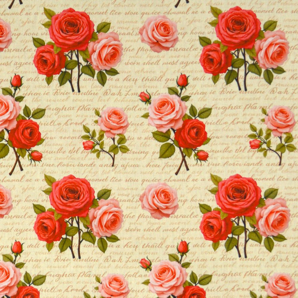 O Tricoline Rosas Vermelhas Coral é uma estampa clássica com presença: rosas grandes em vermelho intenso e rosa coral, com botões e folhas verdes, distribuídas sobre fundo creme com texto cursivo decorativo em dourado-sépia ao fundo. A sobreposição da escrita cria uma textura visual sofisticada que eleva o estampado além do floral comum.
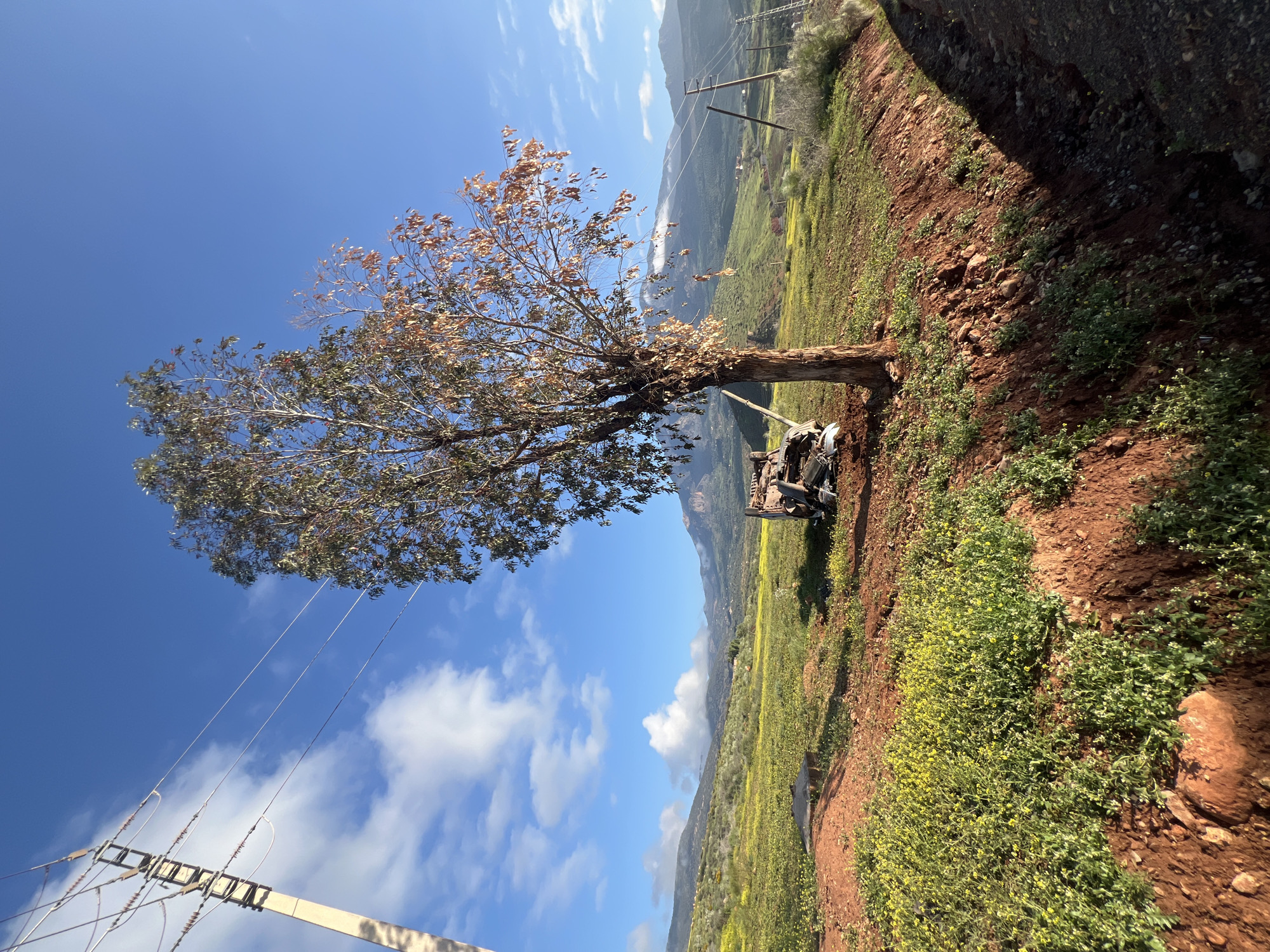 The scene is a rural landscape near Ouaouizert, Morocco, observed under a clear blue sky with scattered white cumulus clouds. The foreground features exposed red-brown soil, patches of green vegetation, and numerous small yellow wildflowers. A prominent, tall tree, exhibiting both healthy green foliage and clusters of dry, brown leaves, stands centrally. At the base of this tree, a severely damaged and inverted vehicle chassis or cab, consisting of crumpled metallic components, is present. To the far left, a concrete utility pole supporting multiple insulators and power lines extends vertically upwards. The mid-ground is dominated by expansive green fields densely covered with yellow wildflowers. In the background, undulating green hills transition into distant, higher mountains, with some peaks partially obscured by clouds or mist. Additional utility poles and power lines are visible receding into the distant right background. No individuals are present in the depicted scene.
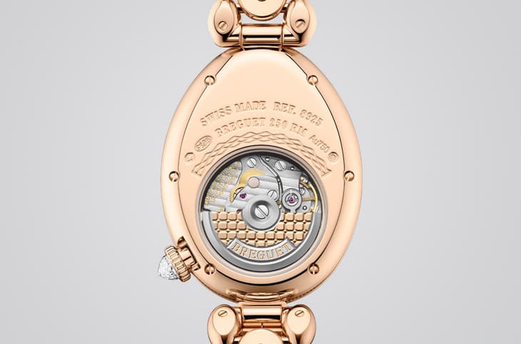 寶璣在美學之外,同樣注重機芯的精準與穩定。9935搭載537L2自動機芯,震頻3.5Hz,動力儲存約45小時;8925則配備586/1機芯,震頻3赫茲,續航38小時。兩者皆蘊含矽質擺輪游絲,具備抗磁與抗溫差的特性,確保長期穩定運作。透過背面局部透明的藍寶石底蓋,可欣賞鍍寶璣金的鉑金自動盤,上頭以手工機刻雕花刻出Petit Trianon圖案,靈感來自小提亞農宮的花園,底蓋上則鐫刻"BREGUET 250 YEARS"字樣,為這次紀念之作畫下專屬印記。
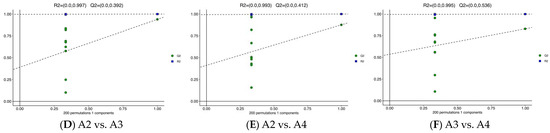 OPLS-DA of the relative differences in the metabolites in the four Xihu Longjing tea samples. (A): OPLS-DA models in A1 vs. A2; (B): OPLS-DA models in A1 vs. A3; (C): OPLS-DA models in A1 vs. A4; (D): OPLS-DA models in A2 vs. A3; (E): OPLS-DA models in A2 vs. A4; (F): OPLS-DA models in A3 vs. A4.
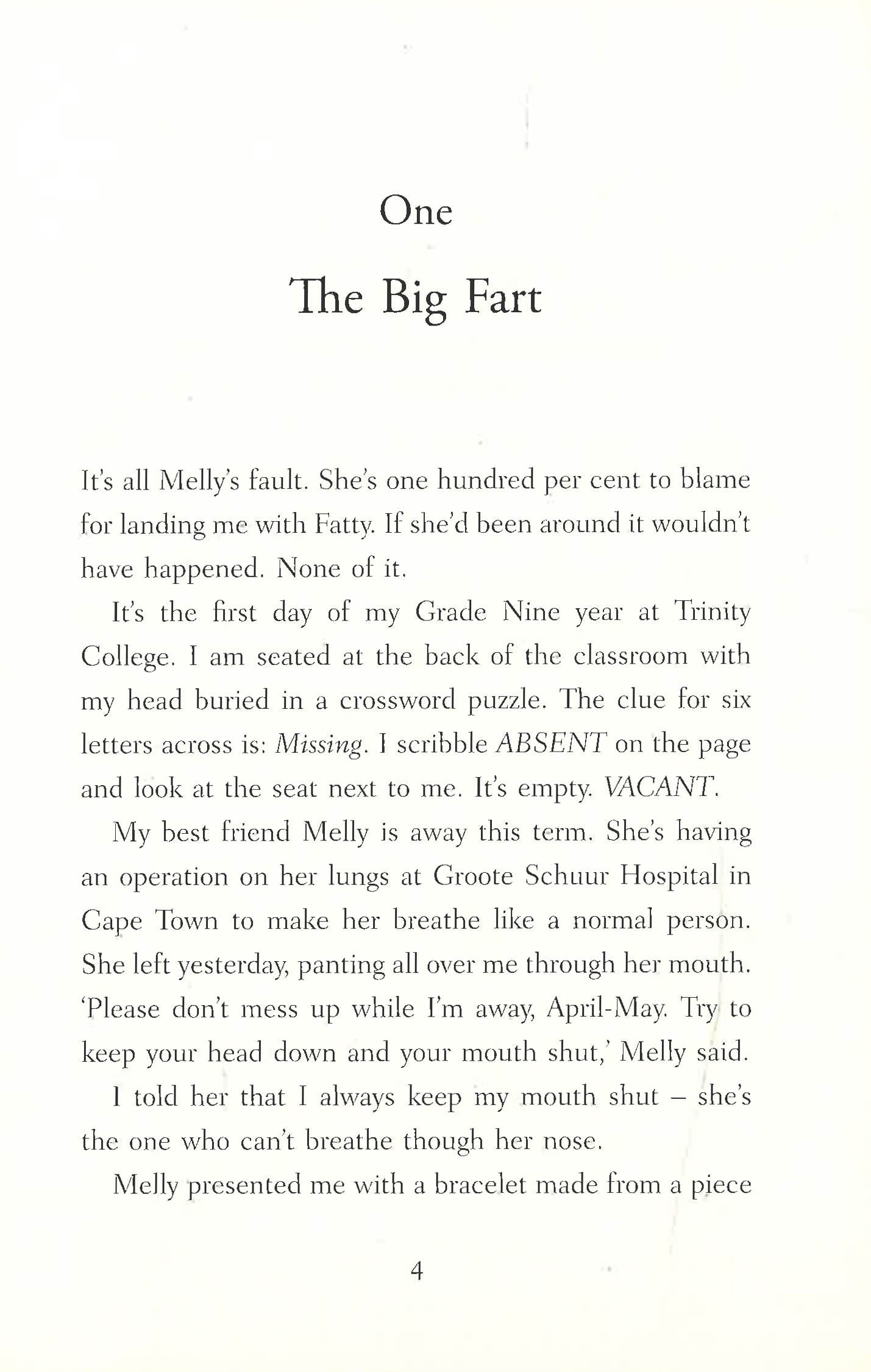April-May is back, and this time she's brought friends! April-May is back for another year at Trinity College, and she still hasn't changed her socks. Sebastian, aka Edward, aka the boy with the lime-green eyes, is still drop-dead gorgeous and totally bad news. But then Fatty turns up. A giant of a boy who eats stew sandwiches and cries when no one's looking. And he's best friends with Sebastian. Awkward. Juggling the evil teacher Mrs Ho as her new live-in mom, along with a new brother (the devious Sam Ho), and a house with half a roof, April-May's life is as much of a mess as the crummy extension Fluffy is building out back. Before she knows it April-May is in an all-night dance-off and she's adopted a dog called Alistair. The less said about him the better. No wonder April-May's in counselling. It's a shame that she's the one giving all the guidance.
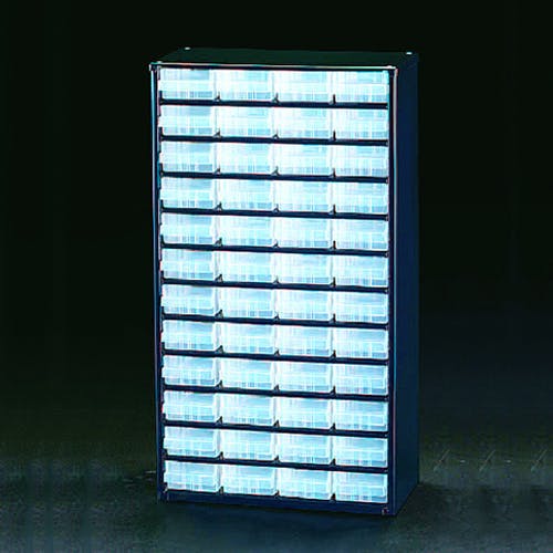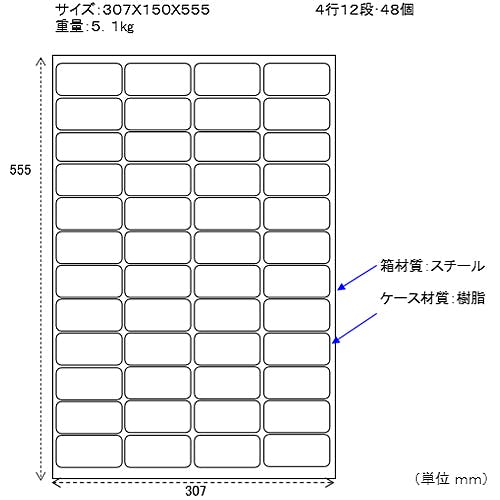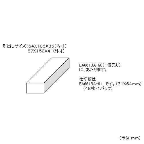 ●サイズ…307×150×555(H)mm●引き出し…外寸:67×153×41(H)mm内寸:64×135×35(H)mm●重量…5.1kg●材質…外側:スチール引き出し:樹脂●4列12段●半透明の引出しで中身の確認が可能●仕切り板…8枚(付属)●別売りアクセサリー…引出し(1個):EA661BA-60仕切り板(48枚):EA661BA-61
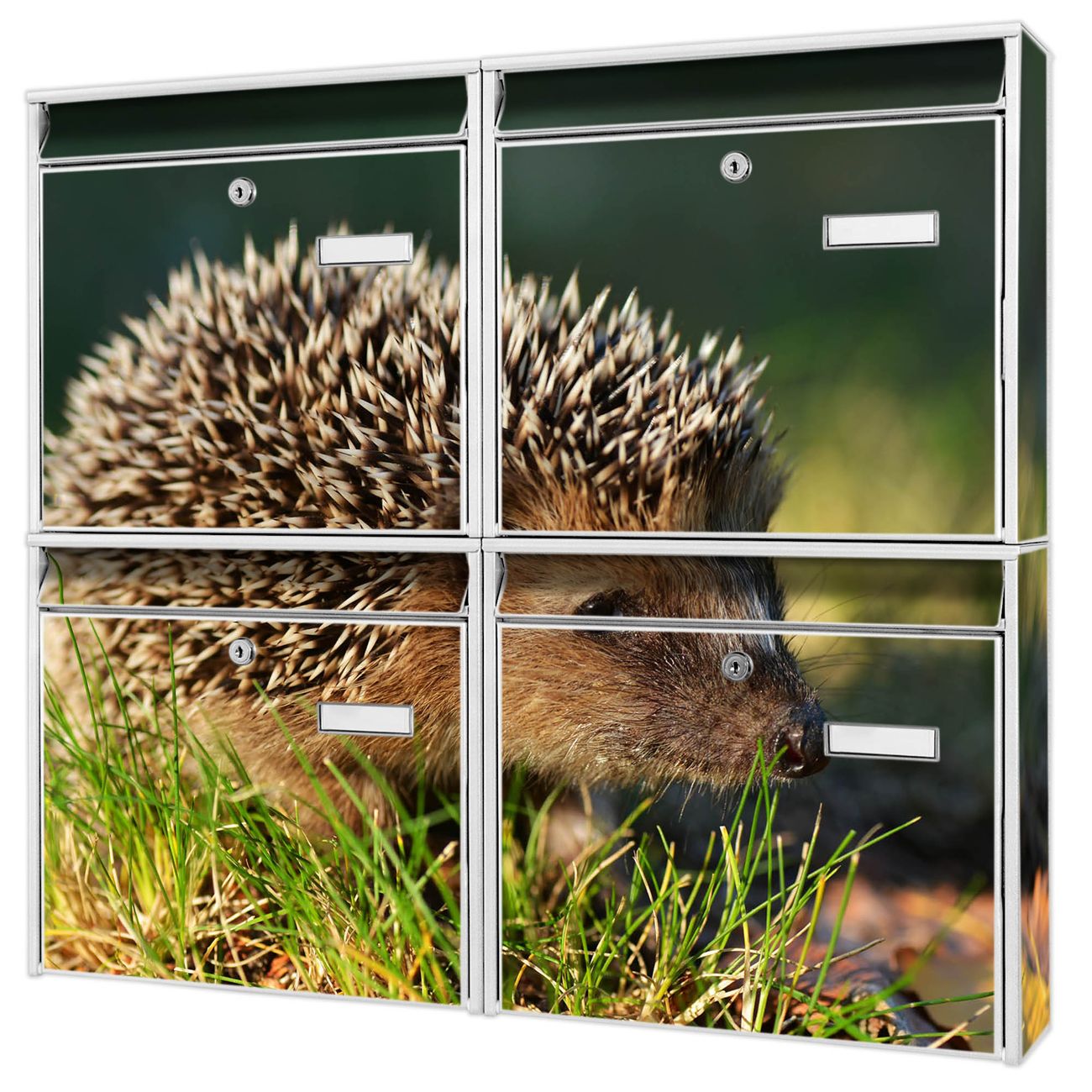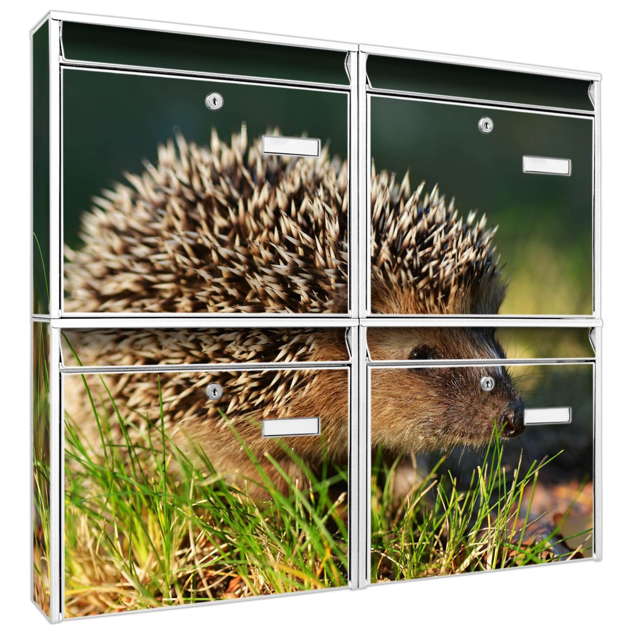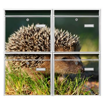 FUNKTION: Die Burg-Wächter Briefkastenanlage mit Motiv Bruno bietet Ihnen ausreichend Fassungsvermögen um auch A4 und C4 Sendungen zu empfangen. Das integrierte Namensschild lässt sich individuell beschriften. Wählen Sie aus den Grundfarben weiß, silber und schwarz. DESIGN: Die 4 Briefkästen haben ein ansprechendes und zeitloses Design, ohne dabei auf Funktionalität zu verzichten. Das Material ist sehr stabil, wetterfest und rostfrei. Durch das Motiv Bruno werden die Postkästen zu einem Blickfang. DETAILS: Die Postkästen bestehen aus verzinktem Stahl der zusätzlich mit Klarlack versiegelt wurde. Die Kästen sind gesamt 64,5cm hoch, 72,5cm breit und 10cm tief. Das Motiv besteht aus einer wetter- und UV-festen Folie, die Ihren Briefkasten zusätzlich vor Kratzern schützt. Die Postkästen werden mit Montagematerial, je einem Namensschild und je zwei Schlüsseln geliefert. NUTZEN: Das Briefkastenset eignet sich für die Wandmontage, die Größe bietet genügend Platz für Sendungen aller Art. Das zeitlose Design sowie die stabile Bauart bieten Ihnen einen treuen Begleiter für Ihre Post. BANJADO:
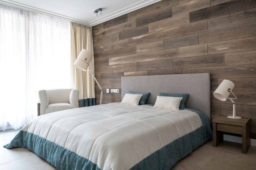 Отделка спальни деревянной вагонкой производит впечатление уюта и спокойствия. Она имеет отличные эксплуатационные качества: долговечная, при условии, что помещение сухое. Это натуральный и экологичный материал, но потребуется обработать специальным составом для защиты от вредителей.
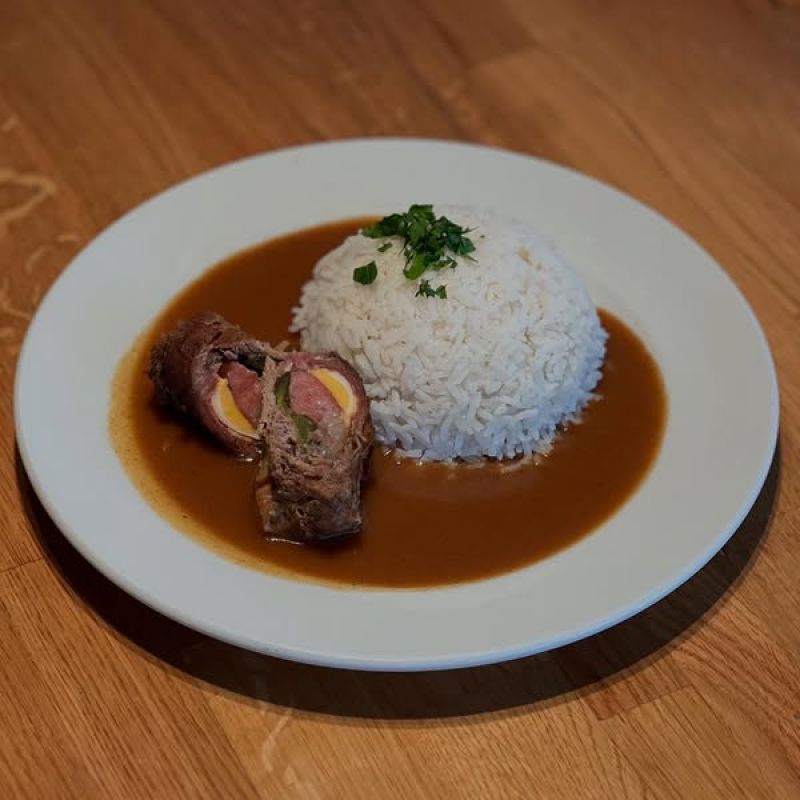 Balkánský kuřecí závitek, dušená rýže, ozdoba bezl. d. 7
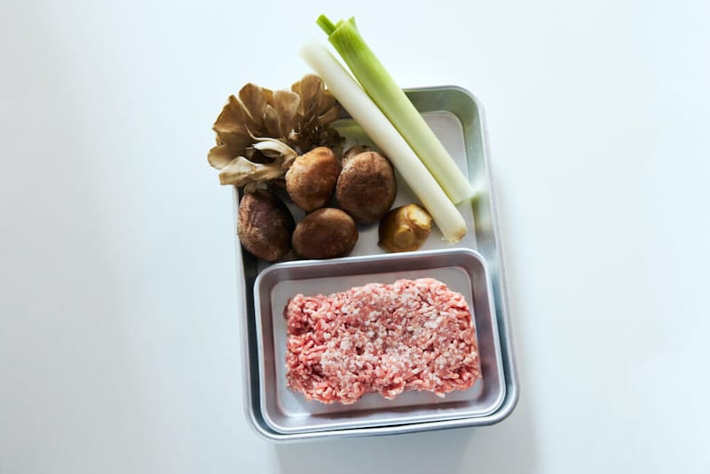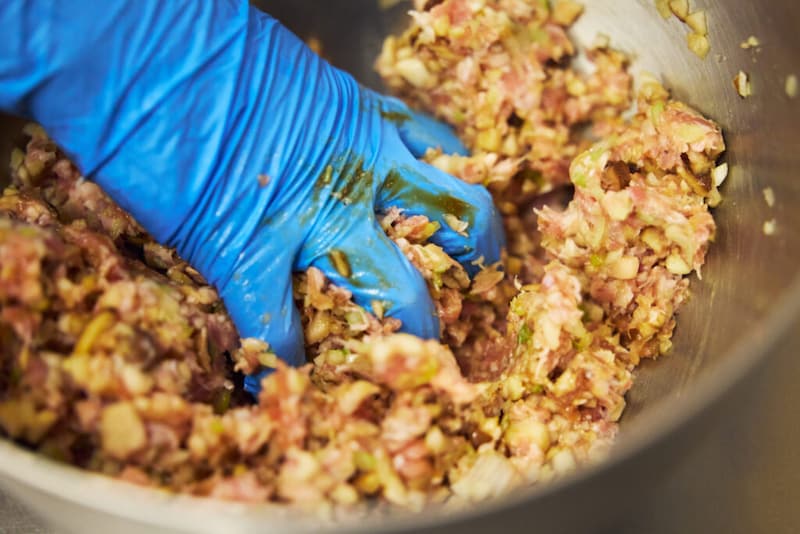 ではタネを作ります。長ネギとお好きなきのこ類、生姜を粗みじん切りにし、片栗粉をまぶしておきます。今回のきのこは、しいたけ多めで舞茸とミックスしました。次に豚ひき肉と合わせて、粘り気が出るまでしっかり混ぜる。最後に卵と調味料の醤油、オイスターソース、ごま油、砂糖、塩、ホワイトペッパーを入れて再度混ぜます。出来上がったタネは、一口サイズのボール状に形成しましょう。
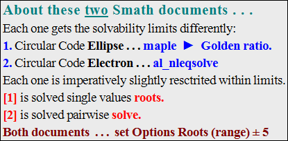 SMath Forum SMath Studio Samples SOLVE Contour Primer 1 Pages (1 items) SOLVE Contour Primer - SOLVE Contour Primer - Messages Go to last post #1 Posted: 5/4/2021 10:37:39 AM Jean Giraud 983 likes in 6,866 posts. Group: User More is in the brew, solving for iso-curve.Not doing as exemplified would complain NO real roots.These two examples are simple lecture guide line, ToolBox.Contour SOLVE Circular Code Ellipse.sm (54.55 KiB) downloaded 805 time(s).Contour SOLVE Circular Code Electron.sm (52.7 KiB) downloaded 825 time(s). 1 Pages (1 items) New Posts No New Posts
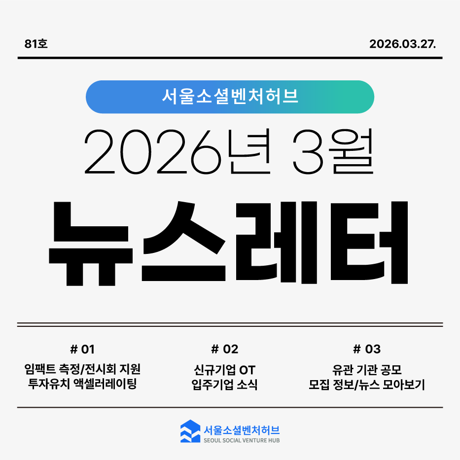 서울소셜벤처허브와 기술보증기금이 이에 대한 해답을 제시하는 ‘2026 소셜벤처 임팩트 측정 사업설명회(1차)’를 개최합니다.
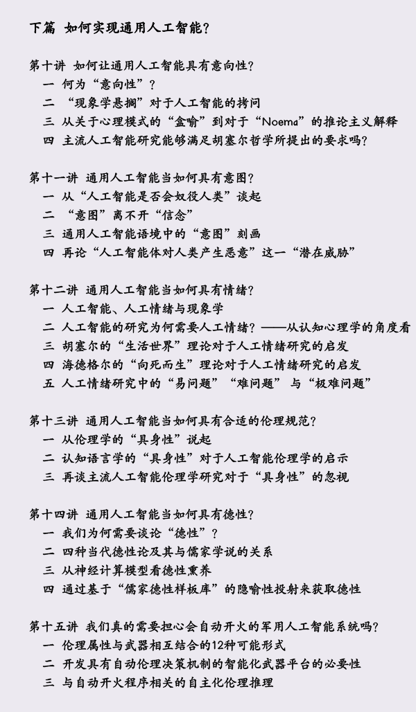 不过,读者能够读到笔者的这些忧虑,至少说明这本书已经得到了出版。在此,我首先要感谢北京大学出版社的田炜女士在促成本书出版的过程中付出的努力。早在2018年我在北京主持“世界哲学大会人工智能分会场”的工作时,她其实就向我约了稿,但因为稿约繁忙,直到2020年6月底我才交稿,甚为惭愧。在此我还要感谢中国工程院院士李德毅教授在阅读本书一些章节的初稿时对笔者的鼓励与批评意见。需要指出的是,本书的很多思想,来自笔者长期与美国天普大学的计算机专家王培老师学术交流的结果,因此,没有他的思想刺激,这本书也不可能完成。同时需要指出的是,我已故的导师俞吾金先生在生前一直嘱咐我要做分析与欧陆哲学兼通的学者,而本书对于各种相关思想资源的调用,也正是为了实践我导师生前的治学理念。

• WHAT TO PRODUCE
Exact copy, pictures excluded: every line above from the one containing "The scene is" to the one containing "OPLS-DA of the", inclusive, and nothing more.

• SOLUTION
 The scene is a rural landscape near Ouaouizert, Morocco, observed under a clear blue sky with scattered white cumulus clouds. The foreground features exposed red-brown soil, patches of green vegetation, and numerous small yellow wildflowers. A prominent, tall tree, exhibiting both healthy green foliage and clusters of dry, brown leaves, stands centrally. At the base of this tree, a severely damaged and inverted vehicle chassis or cab, consisting of crumpled metallic components, is present. To the far left, a concrete utility pole supporting multiple insulators and power lines extends vertically upwards. The mid-ground is dominated by expansive green fields densely covered with yellow wildflowers. In the background, undulating green hills transition into distant, higher mountains, with some peaks partially obscured by clouds or mist. Additional utility poles and power lines are visible receding into the distant right background. No individuals are present in the depicted scene.
 寶璣在美學之外,同樣注重機芯的精準與穩定。9935搭載537L2自動機芯,震頻3.5Hz,動力儲存約45小時;8925則配備586/1機芯,震頻3赫茲,續航38小時。兩者皆蘊含矽質擺輪游絲,具備抗磁與抗溫差的特性,確保長期穩定運作。透過背面局部透明的藍寶石底蓋,可欣賞鍍寶璣金的鉑金自動盤,上頭以手工機刻雕花刻出Petit Trianon圖案,靈感來自小提亞農宮的花園,底蓋上則鐫刻"BREGUET 250 YEARS"字樣,為這次紀念之作畫下專屬印記。
 OPLS-DA of the relative differences in the metabolites in the four Xihu Longjing tea samples. (A): OPLS-DA models in A1 vs. A2; (B): OPLS-DA models in A1 vs. A3; (C): OPLS-DA models in A1 vs. A4; (D): OPLS-DA models in A2 vs. A3; (E): OPLS-DA models in A2 vs. A4; (F): OPLS-DA models in A3 vs. A4.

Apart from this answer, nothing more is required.